Sunday, June 2, 2013
A Different Concept of Servant Leadership
UV 771/10,000 A Different Concept of Servant Leadership
She said to her mistress, “ If only my master would see the prophet who is in Samaria! He would cure him of his leprosy.”
II Kings 5 v 3
In this uni-verse, we see a different concept of servant leadership where a young Jewish slave girl leads the leader or commander of the army of the King of Aram, Naaman to his immediate healing and ultimate salvation. She was sure that the prophet of Israel, whose name she could not remember or did not know, could cure her master Naaman of his leprosy. Similarly, we as believers are like the servant-leader that the unnamed slave girl was.
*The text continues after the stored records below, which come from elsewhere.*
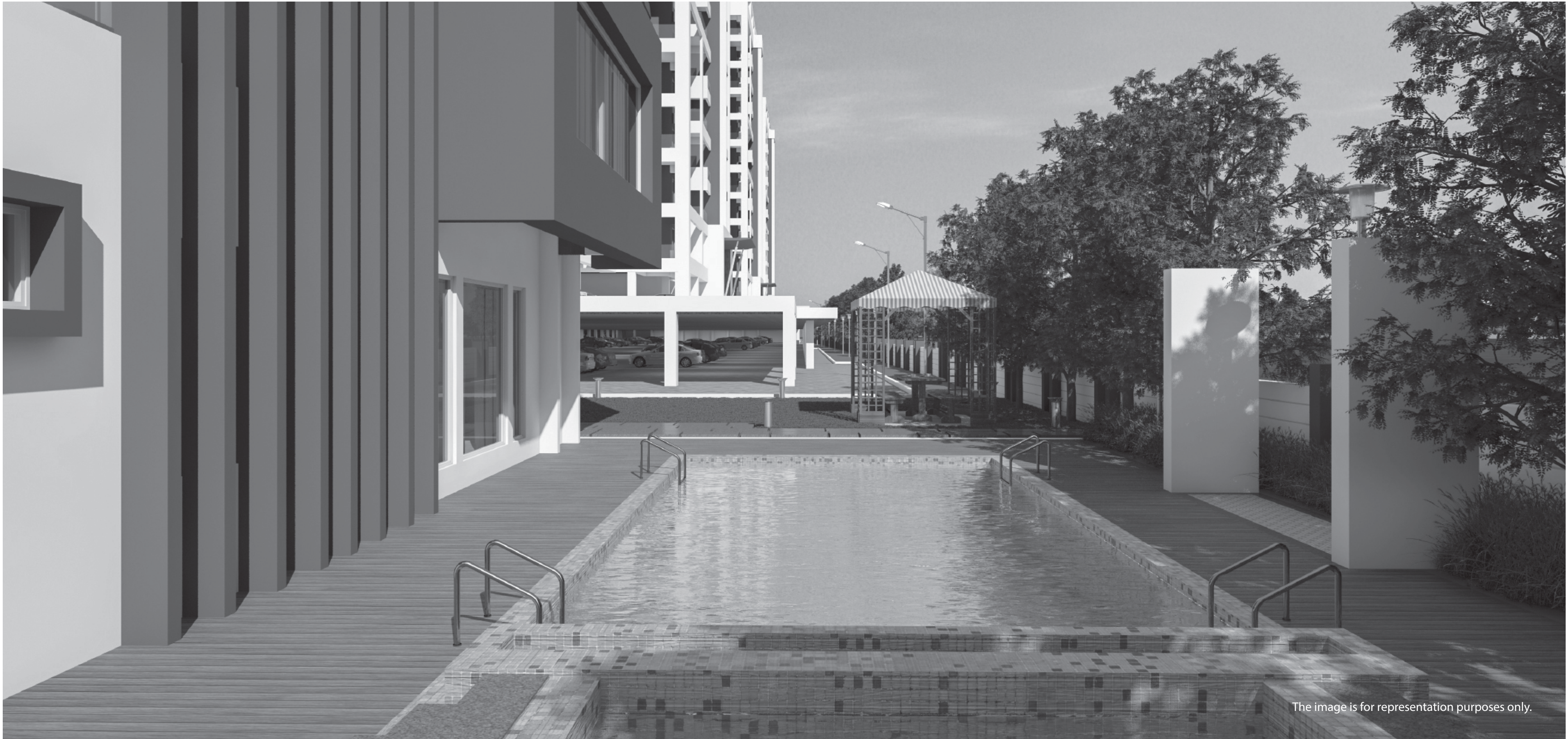
The image is for representation purposes only.
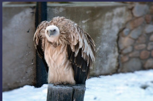
Snow vulture – қар жыртқышы
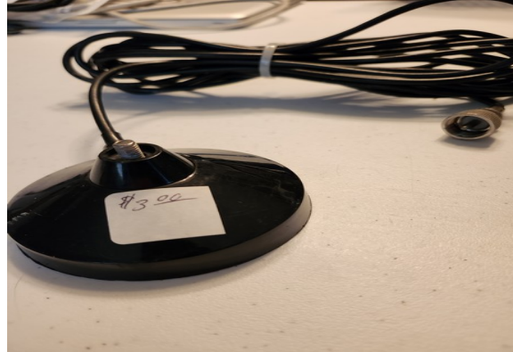
Mag Mount Antenna Base Asking Price: $3.00 OBO
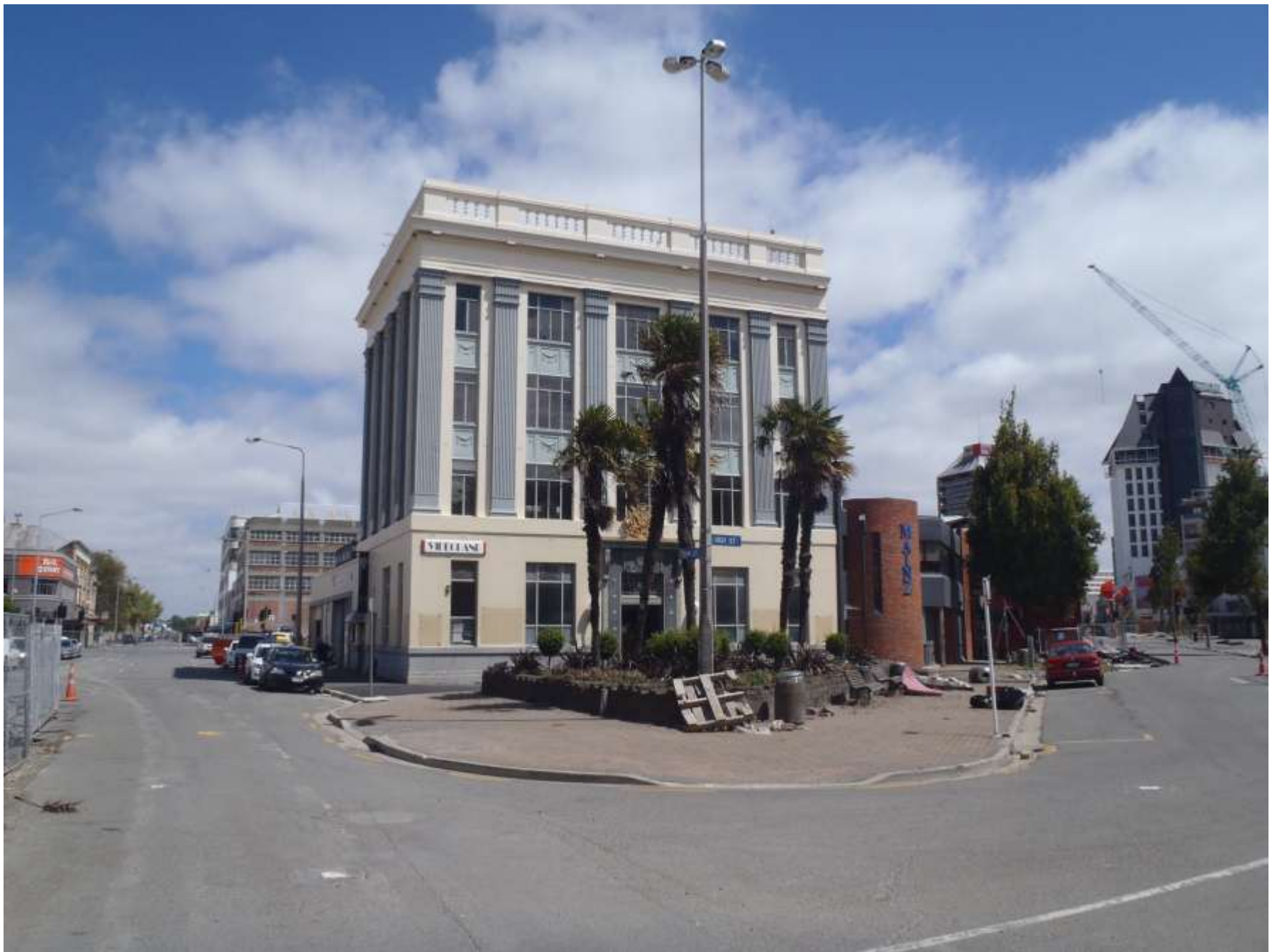
Alice's (former High St P.O.) - undamaged!
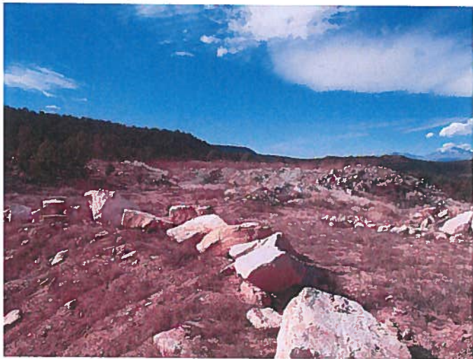
Figure 3: Waste rock area
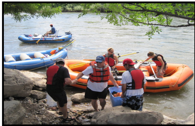
Unloading the trash from the rafts.
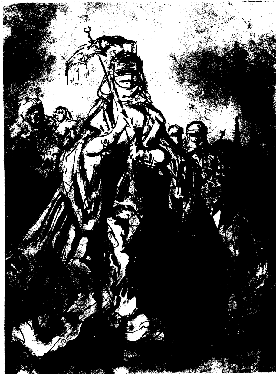
9. Guys: A Turkish Woman with Parasol . Pen and water-colour. Paris, Petit Palais.
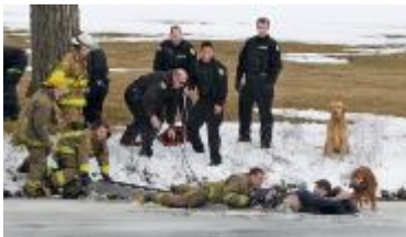
“Niagara Falls Ice Rescue”

To meet the needs of animals, Niagara County created a CART under the Empire State Animal Response Team (ESART) program. Niagara County Department of Health Division of Planning and Emergency Preparedness manages one of two regional trailers which house a small cache of animal sheltering equipment and supplies.
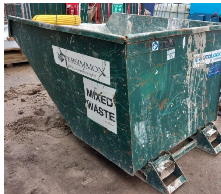
Auto-locking skip, no catch/ rings or chains needed

She enjoyed no position or influence except that she had limited access to the brave general’s wife. She had both hope and conviction that he could be healed. She had faith that the God of Israel who had anointed Elisha as a prophet could heal him through his ministration. Leprosy is a metaphor for the spiritual malaise that all people suffer from that makes us calloused and insensitive to the move or touch of the Lord. We act as servant-leaders when we lead others to their salvation with the hope and conviction that they too like us would be healed of spiritual leprosy. Whatever be our position or station in life, we can play a strategic role in leading people to their healing and salvation.
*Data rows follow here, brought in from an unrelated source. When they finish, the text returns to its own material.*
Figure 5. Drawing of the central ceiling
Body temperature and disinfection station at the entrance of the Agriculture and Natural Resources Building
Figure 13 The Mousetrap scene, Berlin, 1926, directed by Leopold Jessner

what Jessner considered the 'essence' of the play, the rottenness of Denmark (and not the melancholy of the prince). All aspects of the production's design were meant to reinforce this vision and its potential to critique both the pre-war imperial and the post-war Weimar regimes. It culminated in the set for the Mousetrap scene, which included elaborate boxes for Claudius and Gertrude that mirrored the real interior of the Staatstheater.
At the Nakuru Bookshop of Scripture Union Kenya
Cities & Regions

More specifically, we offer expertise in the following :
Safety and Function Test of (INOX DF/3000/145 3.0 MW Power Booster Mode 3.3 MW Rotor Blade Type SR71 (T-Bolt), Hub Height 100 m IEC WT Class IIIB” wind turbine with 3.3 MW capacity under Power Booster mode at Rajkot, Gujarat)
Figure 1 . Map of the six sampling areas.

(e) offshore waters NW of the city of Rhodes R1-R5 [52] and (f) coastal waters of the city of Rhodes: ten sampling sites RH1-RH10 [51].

Salvation is leading people to wholeness or fullness of spirit, mind and body. Naaman was not only healed of physical leprosy but of spiritual blindness for he declared after his miraculous healing, “ Now I know that there is no God in all the world except in Israel.” Sometimes it is a chronic, incurable or unsolvable problem that leads people to look for hope in God when all else had failed in the natural, scientific, social and medical plane. It is during these times that we like the Hebrew girl should be empathetic enough, faithful enough and communicative enough to point hurting people to Jesus who alone can heal us in spirit, mind and body. When the media had predicted death within a few days for a former Prime Minister diagnosed with an incurable blood disease, a man of God told him that he could not heal but he knew someone who could heal him and that One is Jesus. The leader wept as the man of God prayed and he lived on for another good ten years. The Lord had extended his life like Hezekiah the King as he had shown a little faith in allowing the man of God to pray for him when all hope was lost.
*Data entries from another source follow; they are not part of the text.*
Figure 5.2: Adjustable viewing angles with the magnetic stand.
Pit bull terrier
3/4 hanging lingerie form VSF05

Like the servant girl, we should be humble, gracious and persuasive that a person be healed and a soul might be saved and not to prove our point right. We are servant leaders, taken captive to Christ like her, but unlike her not taken captive by force but by love. As servant leaders, we become instrumental to lead others to hope, healing, blessing and the joy of salvation. But in this age of grace, our role play changes since we are not only the servant or slave of God but we are also to play the role of the king who gave Naaman permission to leave for Samaria to avail of the spiritual cleansing and healing. We exercise the authority of kings. We are also to play the role of the prophet who triggered the healing by his divine dispensation. We cannot be proud or self righteous for we were also once the spiritual leper that Naaman was. But today in this day of salvation, we exercise the priestly and prophetic anointing. Naaman’s solitary case of healing from leprosy preceded the many cleansings and healings that Jesus did to many lepers. The waters of Jordan were foreshadowing the Word of Christ- a Word spoken in faith in the Father, anointed by the Holy Spirit, spoken in compassion and authority, “ be cleansed, be whole.” Just as Naaman dipped himself seven times in the Jordan, we too should dip ourselves in the meditation of the Word seven times a day, if not in actual reading at least in frequent rememberance and each time come out of the “water” praising, thanking and worshipping the Lord like King David did.